I also really appreciate the way the killer jeans are achieved onscreen. Everything else aside, if that had failed, this movie would have been nothing. From what I could tell, the jeans were operated with practical effects whenever possible. This is crucial because I feel like we all know by now that fabric is one of the most difficult things to get right with CGI, and in fact if you're looking at a particularly good CGI character, the thing that can immediately give it away as being fake is the clothing. So for the most part I think this was genuinely just jeans and wires, and it looks incredible. There's some shots, like a pair of the jeans scooting down an empty hallway lapping up a trail of blood, that are so unique I found myself lauding the sheer creativity of that, and the fact that cinema has never seen the likes of a pair of jeans scooting down a hallway lapping up blood and may never see it again. There's also a level of anthropomorphism here, though again, like most other things, Slaxx never takes this too far. The pockets look a little like eyes, and the waistband of course makes a gaping mouth, and it's perfect, but it's not used so often that your eyes immediately zero in on the jeans' "face" in every shot. If the face were too obvious, I think it would remove a little bit of the sense of danger and just become cute.

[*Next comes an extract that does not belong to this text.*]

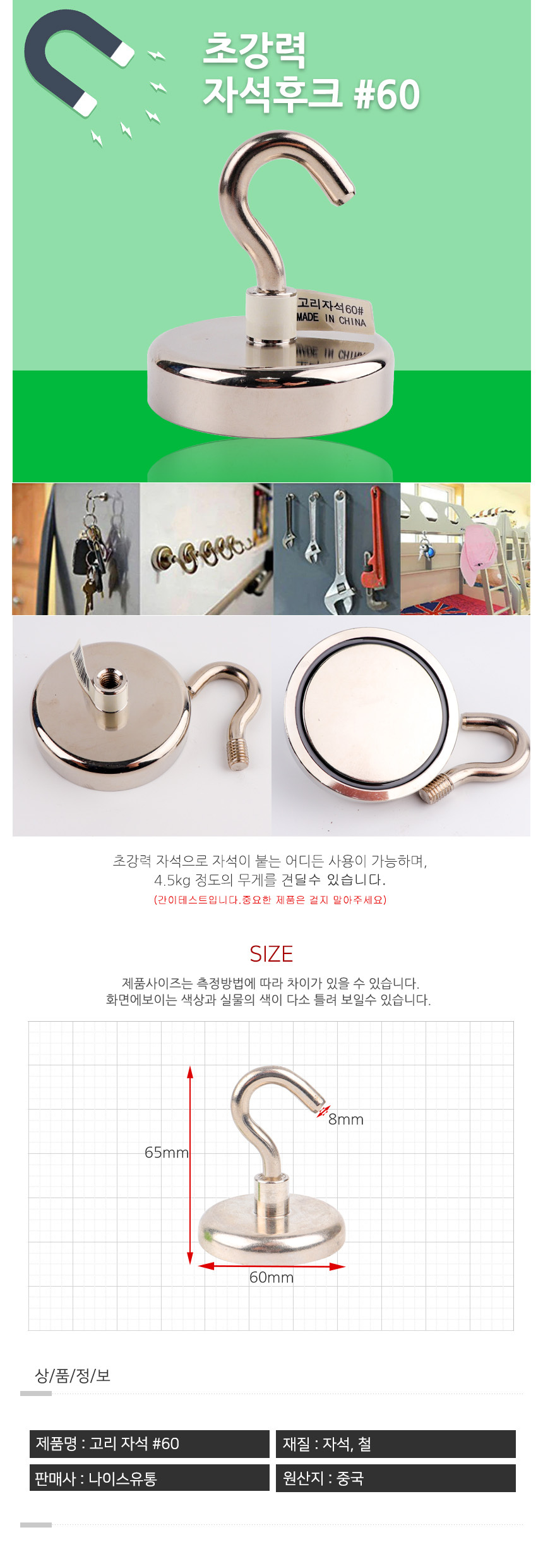 초강력 자석후크 60mm 고리 다용도걸이

This movie's biggest shortfall, I think, is that it does actually try to play certain things a little too straight. I don't really have a place talking about this, because I'm a white American who has undoubtedly worn clothing produced in sweatshops and with child labor (though I do shop secondhand almost exclusively), but there's something about the way Slaxx tries to tackle those topics that doesn't feel quite right. Spoilers here, if a movie about killer jeans is something you're desperate to keep your mind untainted for. I'm just going to say it the way it is and you can decide how it sounds to you: The jeans are possessed by the spirit of a 13-year-old Indian girl, killed in a thresher accident while picking cotton on one of the clothing company's subcontracted farms. Close to the climax of the film, the jeans obtain a mannequin torso and attach it to itself (herself?) for increased mobility, and the first thing it does is daub a bindi on the mannequin's forehead with blood. Also, the first tipoff that the spirit in the jeans is in fact a former human is when the characters discover it has a soft spot for Bollywood songs. Now... like most other things in this movie, none of that is framed in a way that's obviously intended to be a joke. It is not making fun of Indian people, child labor, Bollywood music, or any of the other topics it covers. But at the same time, having that kind of thing in a comedy movie and covering it the way it's covered just feels... I don't know. If anything, I feel like it fails to deliver the impact of what it's trying to say. I don't need to be shown cruelty happening to know that it's happening, but the image that the film provides - a girl working in what look to be fairly nice conditions, who, through pretty much a total accident, ends up killed - feels like, if such a thing is possible, a deeply rose-tinted vision of child labor. 

And I really don't know what to make of the ending other than that a 13-year-old girl whose death was covered up by the people who were ultimately responsible for her safety is set up as a bad and hateful person who does the wrong thing. The army of jeans unleashes denim fury on a crowd of hapless customers, and the main character fails in convincing the girl's spirit to relent. I mean, in fairness, if the spirit had been appeased by sweet words and empty corporate promises, the film would have felt entirely toothless. But I feel like there could have been some middle ground, another way to conclude this story than casting an innocent girl as an obvious wrongdoer. So this is a pretty good movie and, as I said, lots of fun, it just feels like it stumbles a little in (what was almost definitely a well-intentioned) attempt to draw attention to real-world issues.